El edificio (reboot, 61)

Con el paso del tiempo (una era geológica en el edificio puede durar una semana), han surgido especies endogámicas, evoluciones de otras especies adaptadas a este espacio cerrado, autónomo y vertical. Arañas de cabeza oblonga y patas longitudinales corren por los huecos de los ascensores; pájaros del color del cemento vuelan en círculos cazando moscas azules del color de los cables eléctricos con picos curvados en espiral; en el exterior del edificio, seres medio lapa medio murciélago absorben los restos de la última tormenta de arena; en los pisos más bajos del subsuelo, topos ciegos de patas curvadas como palas de excavadora arañan la tierra y añaden salas nuevas a los sótanos del edificio que en seguida se llenan de agua, de restos orgánicos, de otras especies que también son endémicas de esos sótanos. Los hombres albinos de los círculos intermedios no se sabe si son una especie, una raza, una moda, una tribu urbana.

Anuncios

El edificio (reboot, 57)

—¿Tú crees en Dios?

—Yo creo en el edificio.

—Está bien, pero no es lo mismo.

—¿Cómo que no? El edificio es grande, implacable, todopoderoso.

—Pero Dios también es misericordioso, y el edificio no.

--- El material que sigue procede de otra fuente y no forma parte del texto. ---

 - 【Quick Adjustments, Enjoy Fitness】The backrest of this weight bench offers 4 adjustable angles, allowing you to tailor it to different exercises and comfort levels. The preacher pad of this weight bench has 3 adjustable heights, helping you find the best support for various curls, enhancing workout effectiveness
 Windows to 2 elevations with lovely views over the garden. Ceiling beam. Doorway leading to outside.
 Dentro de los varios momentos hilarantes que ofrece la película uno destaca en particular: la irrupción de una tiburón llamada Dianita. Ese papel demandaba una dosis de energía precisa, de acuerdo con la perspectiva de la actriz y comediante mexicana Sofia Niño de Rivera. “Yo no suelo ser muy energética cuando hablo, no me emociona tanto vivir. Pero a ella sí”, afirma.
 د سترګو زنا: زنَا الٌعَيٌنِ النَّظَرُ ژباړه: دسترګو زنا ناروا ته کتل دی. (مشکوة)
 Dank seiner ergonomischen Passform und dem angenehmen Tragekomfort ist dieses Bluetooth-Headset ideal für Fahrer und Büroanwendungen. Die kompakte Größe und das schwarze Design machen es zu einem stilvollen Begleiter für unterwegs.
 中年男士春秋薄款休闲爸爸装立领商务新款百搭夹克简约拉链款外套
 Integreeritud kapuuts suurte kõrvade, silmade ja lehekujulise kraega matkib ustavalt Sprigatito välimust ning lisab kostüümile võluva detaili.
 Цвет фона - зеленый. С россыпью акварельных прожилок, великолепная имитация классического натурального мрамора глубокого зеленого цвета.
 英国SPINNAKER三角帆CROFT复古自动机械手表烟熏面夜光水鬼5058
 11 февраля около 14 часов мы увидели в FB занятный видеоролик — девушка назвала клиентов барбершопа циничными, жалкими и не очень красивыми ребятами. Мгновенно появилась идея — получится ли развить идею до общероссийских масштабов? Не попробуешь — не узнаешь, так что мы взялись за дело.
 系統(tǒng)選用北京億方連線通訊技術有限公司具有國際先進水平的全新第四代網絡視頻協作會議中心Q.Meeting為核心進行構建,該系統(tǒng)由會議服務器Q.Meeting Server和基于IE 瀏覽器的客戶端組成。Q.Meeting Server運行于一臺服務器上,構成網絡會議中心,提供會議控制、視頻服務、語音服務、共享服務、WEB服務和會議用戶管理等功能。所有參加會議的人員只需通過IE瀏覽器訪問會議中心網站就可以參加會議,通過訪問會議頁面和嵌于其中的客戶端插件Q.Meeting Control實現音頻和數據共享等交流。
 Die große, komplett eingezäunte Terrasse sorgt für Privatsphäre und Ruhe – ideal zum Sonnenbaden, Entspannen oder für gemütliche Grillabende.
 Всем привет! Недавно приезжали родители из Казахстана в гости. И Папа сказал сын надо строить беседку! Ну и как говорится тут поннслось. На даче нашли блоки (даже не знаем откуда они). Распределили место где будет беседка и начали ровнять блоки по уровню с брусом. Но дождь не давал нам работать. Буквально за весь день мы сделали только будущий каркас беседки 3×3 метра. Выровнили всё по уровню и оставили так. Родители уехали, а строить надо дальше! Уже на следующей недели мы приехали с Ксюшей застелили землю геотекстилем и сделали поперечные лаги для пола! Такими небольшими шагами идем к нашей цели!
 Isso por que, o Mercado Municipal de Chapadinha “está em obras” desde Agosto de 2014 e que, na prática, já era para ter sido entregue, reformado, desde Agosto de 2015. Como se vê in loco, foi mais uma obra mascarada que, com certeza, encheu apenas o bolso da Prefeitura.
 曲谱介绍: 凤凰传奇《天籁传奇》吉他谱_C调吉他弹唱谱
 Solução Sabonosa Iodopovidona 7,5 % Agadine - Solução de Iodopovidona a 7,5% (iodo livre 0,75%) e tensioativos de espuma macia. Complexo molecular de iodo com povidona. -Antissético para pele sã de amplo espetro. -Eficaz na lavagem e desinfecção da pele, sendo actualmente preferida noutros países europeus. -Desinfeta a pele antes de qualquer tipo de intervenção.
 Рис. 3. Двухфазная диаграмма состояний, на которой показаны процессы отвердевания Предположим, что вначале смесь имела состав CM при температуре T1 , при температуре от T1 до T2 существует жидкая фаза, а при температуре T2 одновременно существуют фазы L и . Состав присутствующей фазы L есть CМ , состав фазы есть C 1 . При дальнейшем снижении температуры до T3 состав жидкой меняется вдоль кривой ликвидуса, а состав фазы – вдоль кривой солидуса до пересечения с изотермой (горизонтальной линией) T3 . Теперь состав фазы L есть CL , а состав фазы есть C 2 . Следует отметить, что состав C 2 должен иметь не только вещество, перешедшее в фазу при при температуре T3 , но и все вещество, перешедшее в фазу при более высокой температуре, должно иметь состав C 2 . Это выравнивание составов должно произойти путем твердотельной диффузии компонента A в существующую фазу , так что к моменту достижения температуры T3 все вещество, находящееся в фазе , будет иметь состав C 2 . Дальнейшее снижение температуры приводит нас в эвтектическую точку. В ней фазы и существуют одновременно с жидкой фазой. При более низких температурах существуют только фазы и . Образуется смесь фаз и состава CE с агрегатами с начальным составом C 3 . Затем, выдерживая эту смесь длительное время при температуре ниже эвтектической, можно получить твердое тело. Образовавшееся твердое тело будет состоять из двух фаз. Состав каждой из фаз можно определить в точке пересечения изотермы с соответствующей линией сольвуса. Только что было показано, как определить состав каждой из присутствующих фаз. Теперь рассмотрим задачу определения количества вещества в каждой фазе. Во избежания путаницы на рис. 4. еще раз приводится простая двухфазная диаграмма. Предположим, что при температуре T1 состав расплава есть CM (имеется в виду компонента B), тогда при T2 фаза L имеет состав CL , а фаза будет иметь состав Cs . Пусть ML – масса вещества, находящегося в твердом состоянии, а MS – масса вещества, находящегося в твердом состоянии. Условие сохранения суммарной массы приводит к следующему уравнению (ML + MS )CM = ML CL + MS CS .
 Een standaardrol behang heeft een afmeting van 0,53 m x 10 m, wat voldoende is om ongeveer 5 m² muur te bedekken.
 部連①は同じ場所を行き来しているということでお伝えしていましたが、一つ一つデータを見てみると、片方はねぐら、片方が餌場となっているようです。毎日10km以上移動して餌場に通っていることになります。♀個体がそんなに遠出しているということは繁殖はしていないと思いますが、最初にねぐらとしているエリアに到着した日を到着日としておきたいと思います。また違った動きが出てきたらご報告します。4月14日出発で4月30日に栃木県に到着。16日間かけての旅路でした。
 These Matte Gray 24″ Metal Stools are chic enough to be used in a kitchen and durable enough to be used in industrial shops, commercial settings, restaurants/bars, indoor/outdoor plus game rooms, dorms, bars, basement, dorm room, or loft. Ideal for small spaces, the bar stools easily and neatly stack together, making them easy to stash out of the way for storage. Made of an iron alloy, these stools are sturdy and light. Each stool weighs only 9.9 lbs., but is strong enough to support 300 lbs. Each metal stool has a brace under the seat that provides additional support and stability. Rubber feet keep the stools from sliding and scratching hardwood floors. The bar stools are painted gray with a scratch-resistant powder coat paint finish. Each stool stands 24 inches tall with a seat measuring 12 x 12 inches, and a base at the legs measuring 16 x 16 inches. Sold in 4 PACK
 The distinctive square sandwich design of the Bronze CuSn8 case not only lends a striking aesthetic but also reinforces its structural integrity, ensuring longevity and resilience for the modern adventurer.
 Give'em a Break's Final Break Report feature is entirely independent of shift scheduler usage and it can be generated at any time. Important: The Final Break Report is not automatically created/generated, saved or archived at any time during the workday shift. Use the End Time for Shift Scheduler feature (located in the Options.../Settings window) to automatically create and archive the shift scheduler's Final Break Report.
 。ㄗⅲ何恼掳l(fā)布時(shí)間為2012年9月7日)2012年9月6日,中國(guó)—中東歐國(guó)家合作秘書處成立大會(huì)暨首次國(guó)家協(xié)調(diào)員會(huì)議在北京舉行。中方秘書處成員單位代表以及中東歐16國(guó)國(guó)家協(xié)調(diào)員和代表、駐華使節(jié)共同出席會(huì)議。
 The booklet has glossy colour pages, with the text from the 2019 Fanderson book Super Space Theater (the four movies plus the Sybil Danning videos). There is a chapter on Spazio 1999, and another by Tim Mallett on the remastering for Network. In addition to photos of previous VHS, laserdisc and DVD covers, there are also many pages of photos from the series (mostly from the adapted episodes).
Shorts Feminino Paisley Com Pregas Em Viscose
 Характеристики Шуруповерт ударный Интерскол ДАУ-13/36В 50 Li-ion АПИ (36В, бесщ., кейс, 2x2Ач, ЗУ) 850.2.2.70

—El edificio podría ser misericordioso si quisiera, pero no quiere.

—¿Y por qué no?

—Porque no lo merecemos, porque no estamos a su altura. Porque somos pequeños, imperfectos y frágiles. ¿Por qué iba a rebajarse a nuestra altura el edificio y mostrarnos compasión? ¿Tú nos has visto bien?

El edificio (reboot, 56)

Además de las diferencias verticales, en el edificio también hay diferencias horizontales: las plantas se organizan en círculos concéntricos, designados por letras. Uno no vive simplemente en el piso 20, sino en el piso 20, círculo F. Algunos servicios se organizan verticalmente, por pisos (los hospitales, escuelas, bomberos); otros, horizontalmente, por círculos (los supermercados, restaurantes, cafeterías…). Los habitantes de los círculos más exteriores se despiertan con la luz del sol entrando por sus ventanas, y se sienten bendecidos; los habitantes de los círculos más interiores pueden asomarse al enorme atrio central del edificio, con su vértigo sublime, y se sienten bendecidos. Los habitantes del resto de círculos son seres albinos, miopes, introspectivos y tristes; casi nunca van a ningún sitio.

El edificio (reboot, 55)

(Hay un ascensor, un pequeño montacargas, que conecta el piso 117 con el piso 174; solo esos dos pisos. No se ha conseguido encontrar una explicación razonable para su existencia. Los vecinos del piso 117 no lo usan nunca, porque ya se sabe cómo son los del 174; los del 174 miran para otro lado y se ríen. A veces se oyen ruidos que vienen del hueco del ascensor, pero el ascensor no se mueve. Está permanentemente parado en alguna planta entre la 117 y la 174. Si se pulsa el botón de llamada (pero nadie lo pulsa nunca) se enciende una luz amarilla, que vuelve a apagarse después de cinco segundos. Un edificitario propuso sustituir este montacargas por otro que parase en todos los pisos, como dios manda; la propuesta fue rechazada sin mucha discusión).

El edificio (reboot, 54)

En cierto modo es una pena que la Guerra Fría acabase antes de que viniese a existir el edificio; si la Guerra Fría no hubiese acabado, el edificio miraría a los dos bloques, al bloque comunista y al capitalista, con el desdén divertido de un adulto que ve a dos niños pelearse por un juguete, y cuando terminan de pelarse, magullados y doloridos, les invita a un helado para que dejen de llorar. (En esta metáfora, el edificio es el adulto, y el juguete. Y el helado).

El edificio (reboot, 53)

Como toda comunidad humana lo bastante grande, el edificio ha generado sus propios mitos. Una de las más extendidas es la leyenda del piso vacío. Se cree (hay quien cree, algunas personas creen) que en el edificio hay una planta vacía, que no está conectada con ningún ascensor y que no aparece en ningún plano.

No es una hipótesis imposible, porque la construcción del edificio fue, a partir de cierto punto, un proceso orgánico, como la expasión de un tumor violento. Es en cualquer caso una teoría imposible de comprobar: la única forma de hacerlo sería visitar una a una todas las plantas del edificio, en cada uno de los ascensores, y medir el tiempo de subida y bajada en busca de anomalías. Harían falta tres vidas humanas para cumplir ese propósito.

Mientras tanto, hay quien dice haber llegado a la planta vacía, trepando por los cables de la luz, por los conductos del aire acondicionado o por las tuberías de agua sucia. Pero nadie les cree; tienen un brillo de locura en los ojos.